**Requirement**
Give again exactly the lines that run from the start of the records to the line holding "Srebrna celebrytka –", both ends counted. Do not include the pictures.

Collection entries
Segment Open

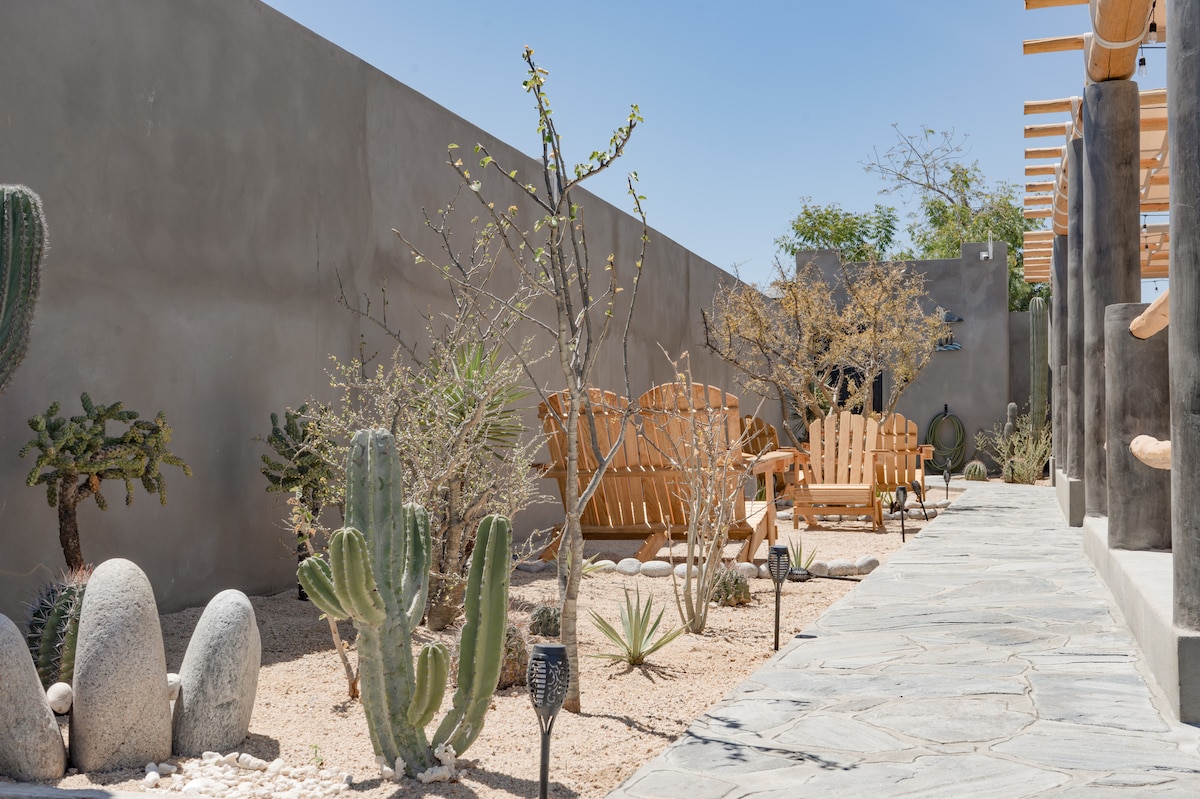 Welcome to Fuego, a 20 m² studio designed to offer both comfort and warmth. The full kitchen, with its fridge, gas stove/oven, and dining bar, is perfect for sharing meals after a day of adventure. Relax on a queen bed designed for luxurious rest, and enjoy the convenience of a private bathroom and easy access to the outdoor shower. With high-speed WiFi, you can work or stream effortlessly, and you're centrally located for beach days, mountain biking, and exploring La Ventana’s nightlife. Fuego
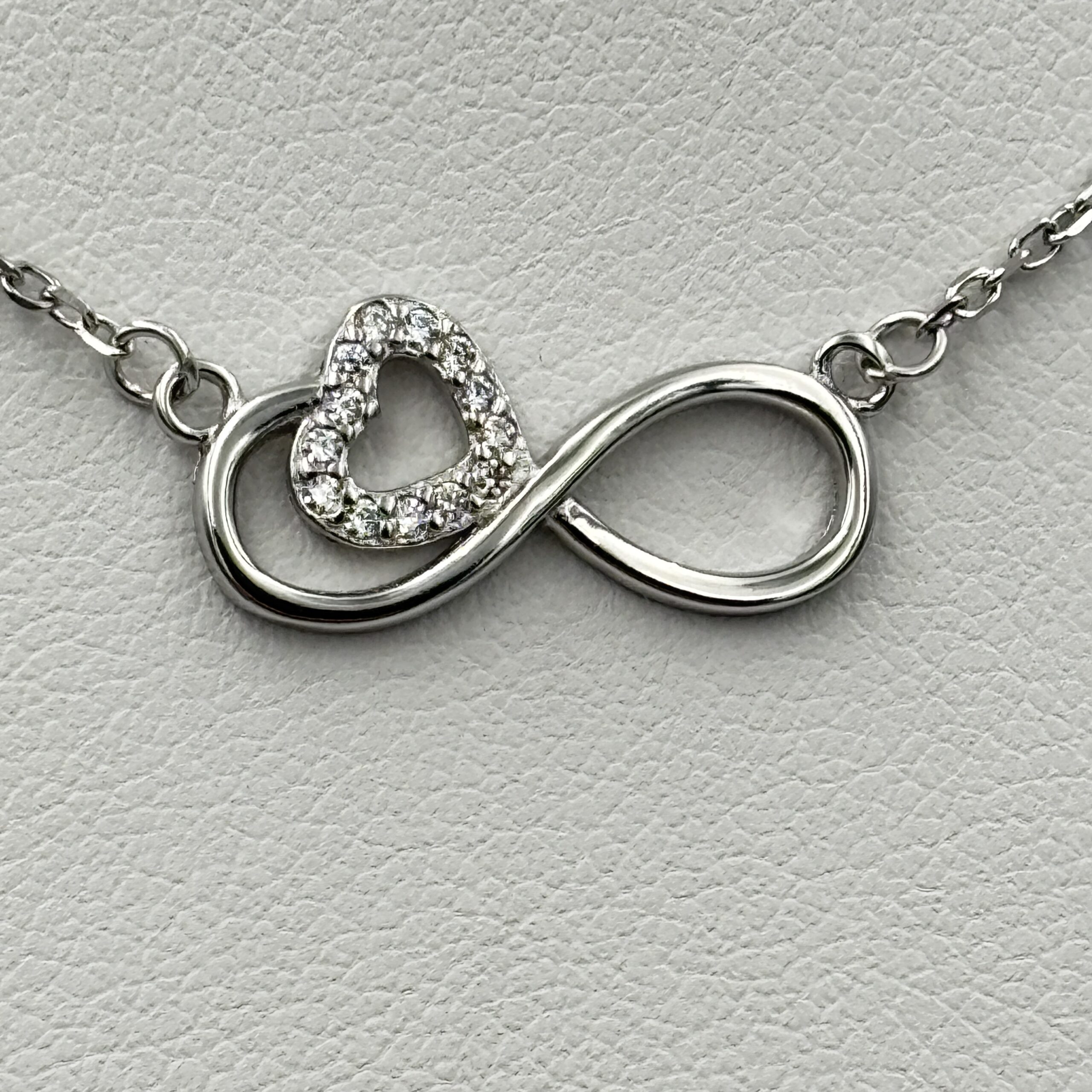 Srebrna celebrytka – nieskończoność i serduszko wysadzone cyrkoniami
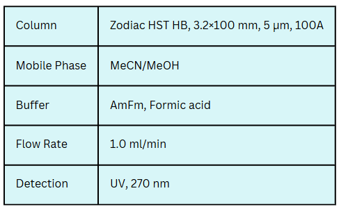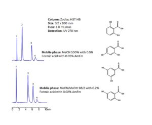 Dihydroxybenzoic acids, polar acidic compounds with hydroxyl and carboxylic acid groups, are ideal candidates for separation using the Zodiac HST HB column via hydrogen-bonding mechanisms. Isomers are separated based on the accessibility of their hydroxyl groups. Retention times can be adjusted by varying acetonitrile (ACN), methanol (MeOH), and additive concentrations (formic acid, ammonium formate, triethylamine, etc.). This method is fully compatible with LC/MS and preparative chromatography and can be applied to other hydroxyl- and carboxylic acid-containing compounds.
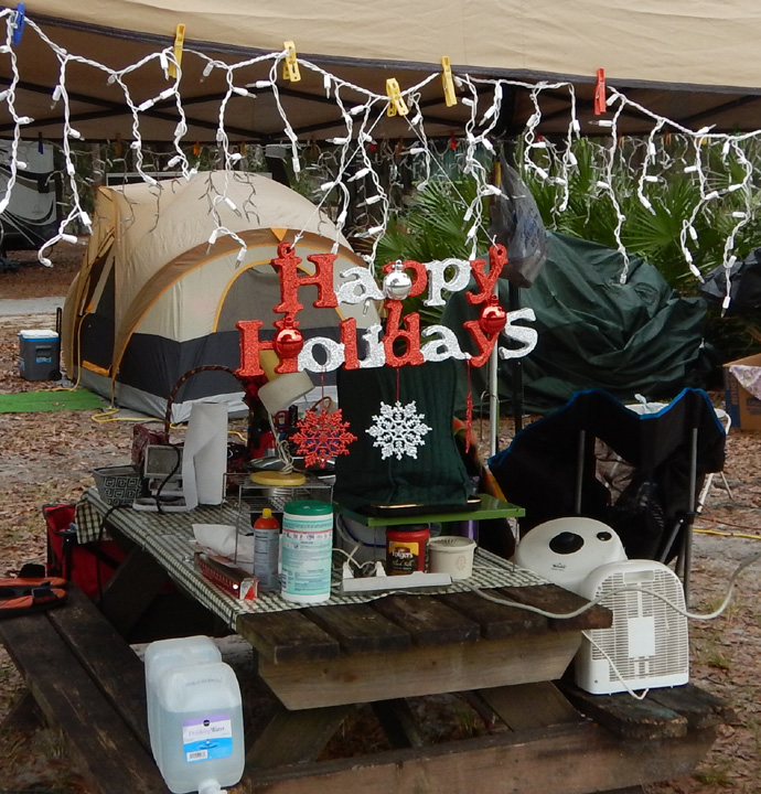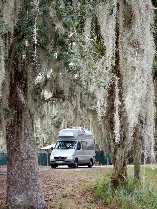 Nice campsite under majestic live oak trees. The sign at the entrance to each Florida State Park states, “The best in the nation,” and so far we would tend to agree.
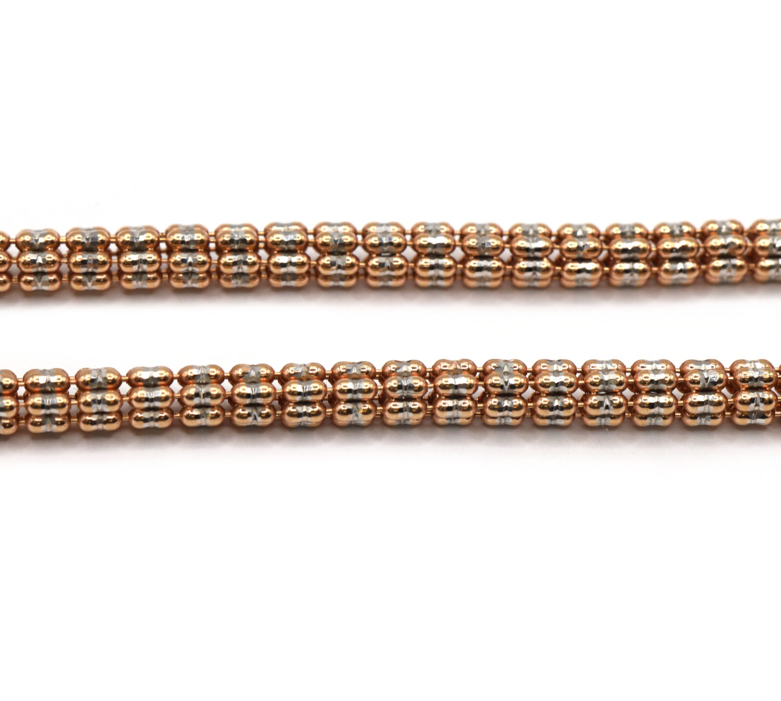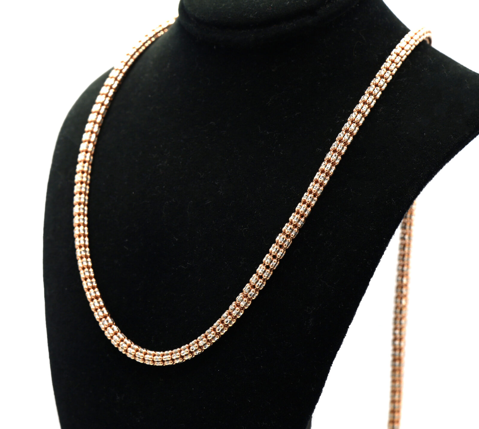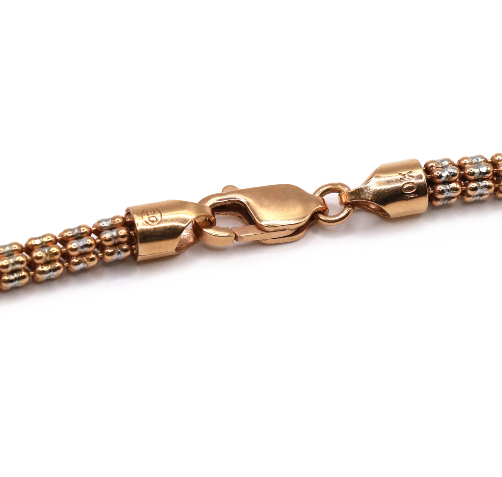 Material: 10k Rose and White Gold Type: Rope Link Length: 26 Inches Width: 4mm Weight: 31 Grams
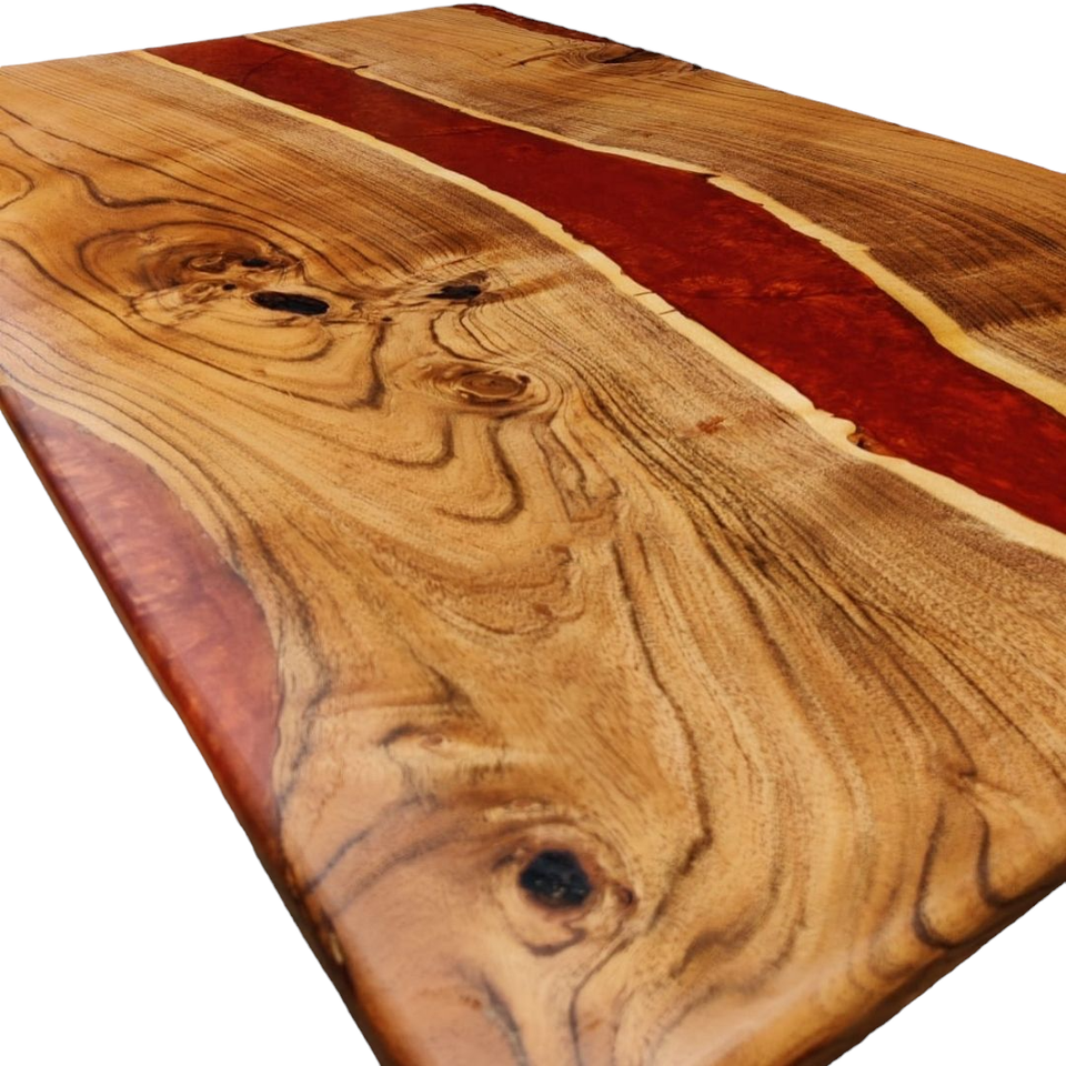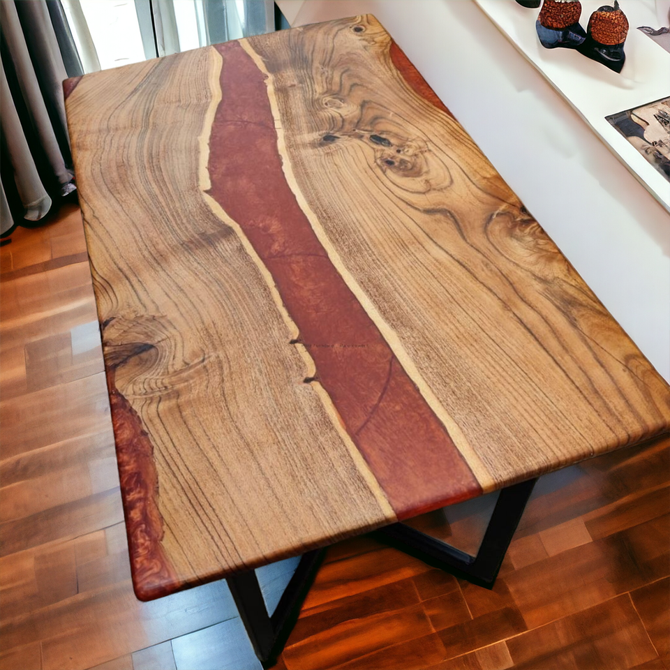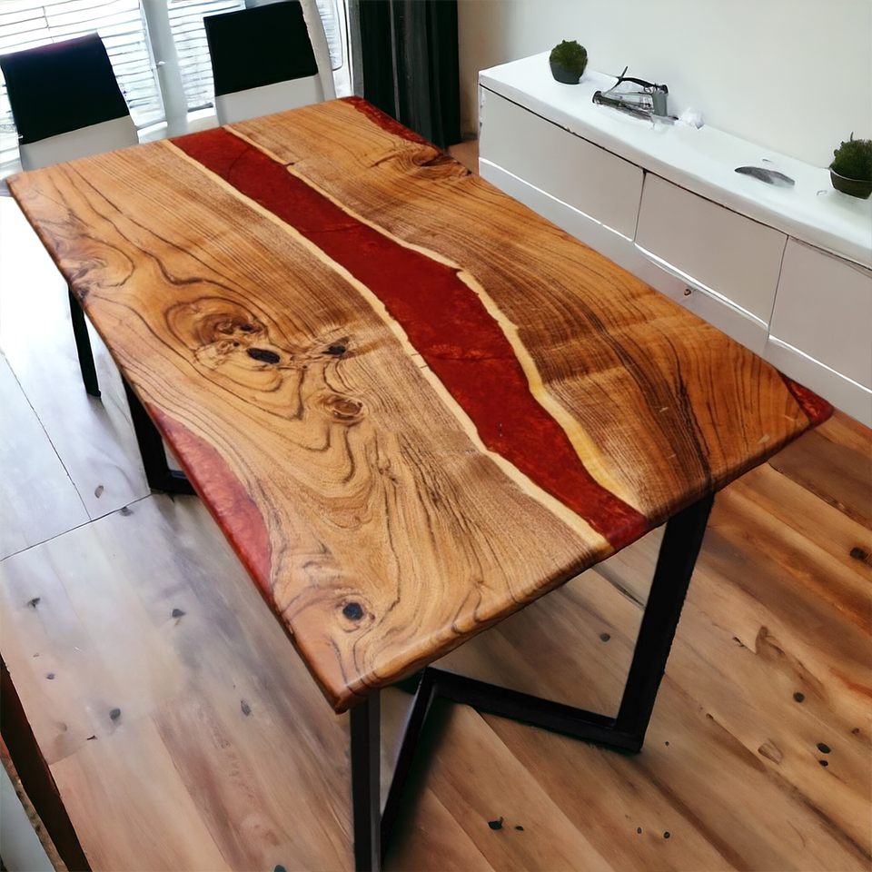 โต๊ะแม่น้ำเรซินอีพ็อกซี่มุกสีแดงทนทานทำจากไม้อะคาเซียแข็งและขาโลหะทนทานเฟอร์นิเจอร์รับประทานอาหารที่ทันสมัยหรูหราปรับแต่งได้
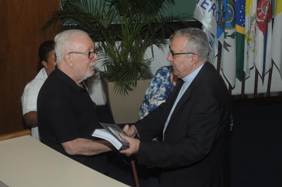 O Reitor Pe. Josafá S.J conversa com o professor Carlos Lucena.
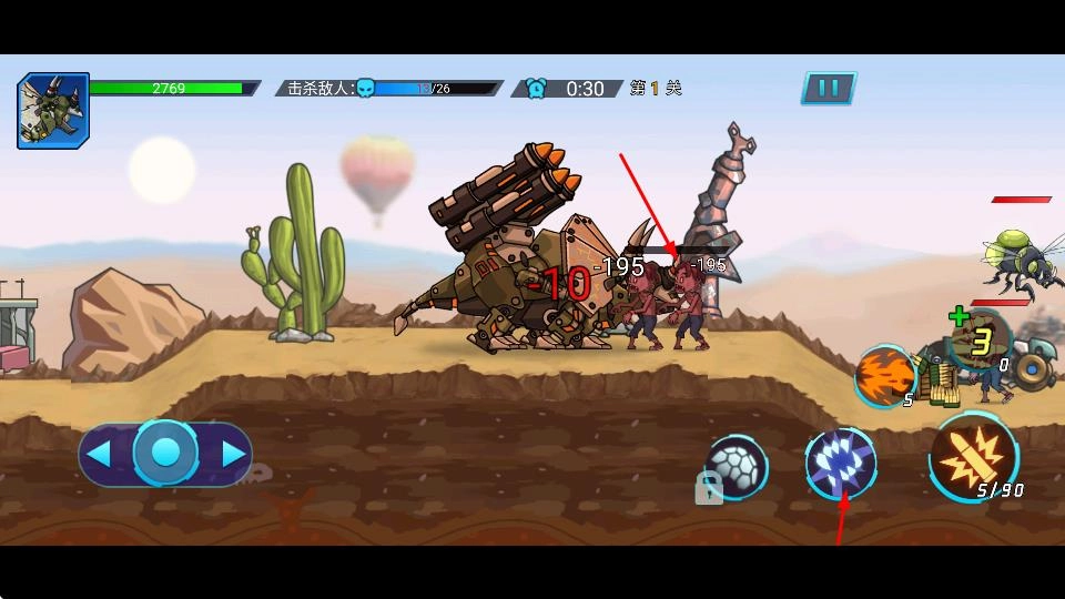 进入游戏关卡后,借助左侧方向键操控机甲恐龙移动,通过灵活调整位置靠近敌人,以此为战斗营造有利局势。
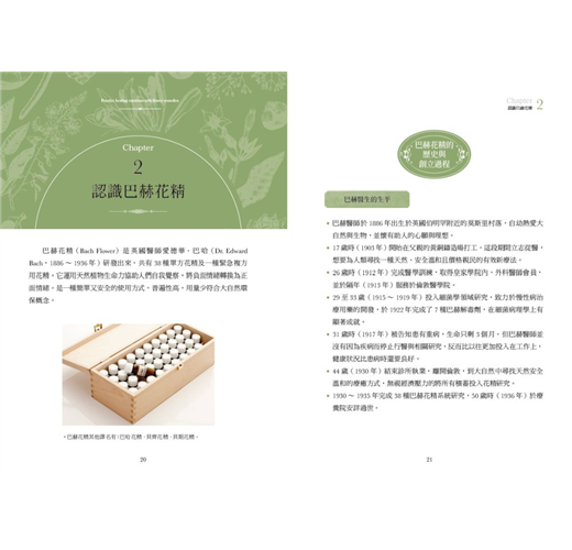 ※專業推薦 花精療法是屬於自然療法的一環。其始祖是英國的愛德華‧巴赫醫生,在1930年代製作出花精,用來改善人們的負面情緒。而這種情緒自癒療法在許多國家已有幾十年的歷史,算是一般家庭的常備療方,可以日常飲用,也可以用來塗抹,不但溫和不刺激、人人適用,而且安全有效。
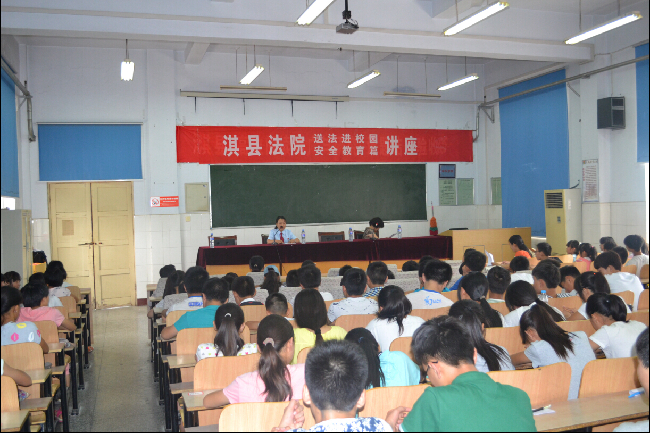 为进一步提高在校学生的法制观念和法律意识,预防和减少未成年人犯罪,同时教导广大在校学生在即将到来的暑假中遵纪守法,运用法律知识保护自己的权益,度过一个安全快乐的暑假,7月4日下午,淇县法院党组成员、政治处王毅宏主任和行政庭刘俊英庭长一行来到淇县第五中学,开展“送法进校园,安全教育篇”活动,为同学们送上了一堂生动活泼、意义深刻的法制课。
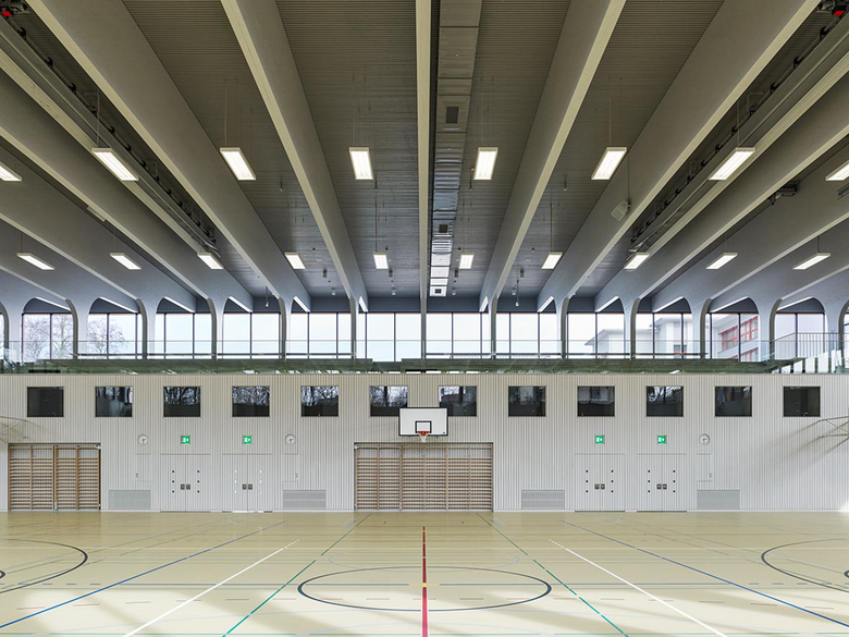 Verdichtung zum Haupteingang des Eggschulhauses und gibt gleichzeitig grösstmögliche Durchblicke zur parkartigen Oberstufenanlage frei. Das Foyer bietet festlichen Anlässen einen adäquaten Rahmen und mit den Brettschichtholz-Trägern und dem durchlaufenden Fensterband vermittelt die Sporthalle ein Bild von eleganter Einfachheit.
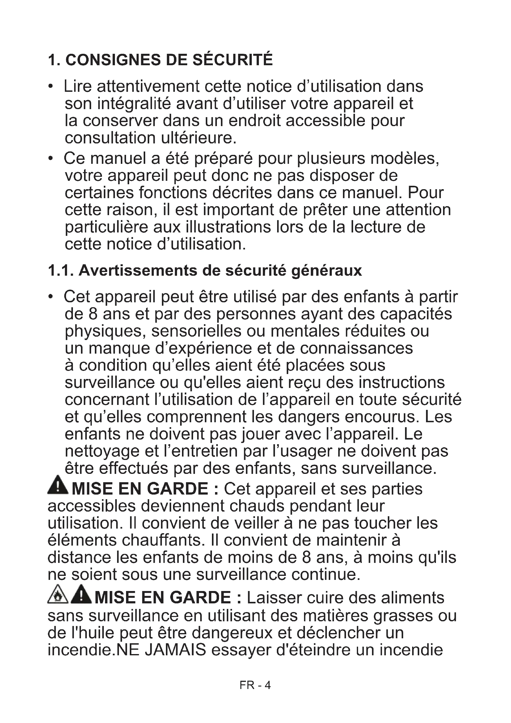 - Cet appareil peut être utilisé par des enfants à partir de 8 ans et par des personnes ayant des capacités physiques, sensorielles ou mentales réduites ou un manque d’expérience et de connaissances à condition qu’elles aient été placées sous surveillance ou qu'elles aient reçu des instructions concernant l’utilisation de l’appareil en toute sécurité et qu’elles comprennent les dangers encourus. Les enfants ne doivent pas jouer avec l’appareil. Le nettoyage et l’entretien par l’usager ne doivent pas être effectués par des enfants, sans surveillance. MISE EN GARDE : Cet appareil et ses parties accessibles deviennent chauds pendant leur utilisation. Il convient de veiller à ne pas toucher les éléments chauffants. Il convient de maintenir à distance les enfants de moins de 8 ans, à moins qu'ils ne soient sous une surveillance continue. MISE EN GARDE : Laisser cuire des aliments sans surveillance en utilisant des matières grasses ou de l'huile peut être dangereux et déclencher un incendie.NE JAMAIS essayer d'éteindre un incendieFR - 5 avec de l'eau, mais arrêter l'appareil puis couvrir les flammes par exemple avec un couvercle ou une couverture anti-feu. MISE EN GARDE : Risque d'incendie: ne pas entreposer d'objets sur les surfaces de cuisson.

Segment Closed

**Result below**
 Welcome to Fuego, a 20 m² studio designed to offer both comfort and warmth. The full kitchen, with its fridge, gas stove/oven, and dining bar, is perfect for sharing meals after a day of adventure. Relax on a queen bed designed for luxurious rest, and enjoy the convenience of a private bathroom and easy access to the outdoor shower. With high-speed WiFi, you can work or stream effortlessly, and you're centrally located for beach days, mountain biking, and exploring La Ventana’s nightlife. Fuego
 Srebrna celebrytka – nieskończoność i serduszko wysadzone cyrkoniami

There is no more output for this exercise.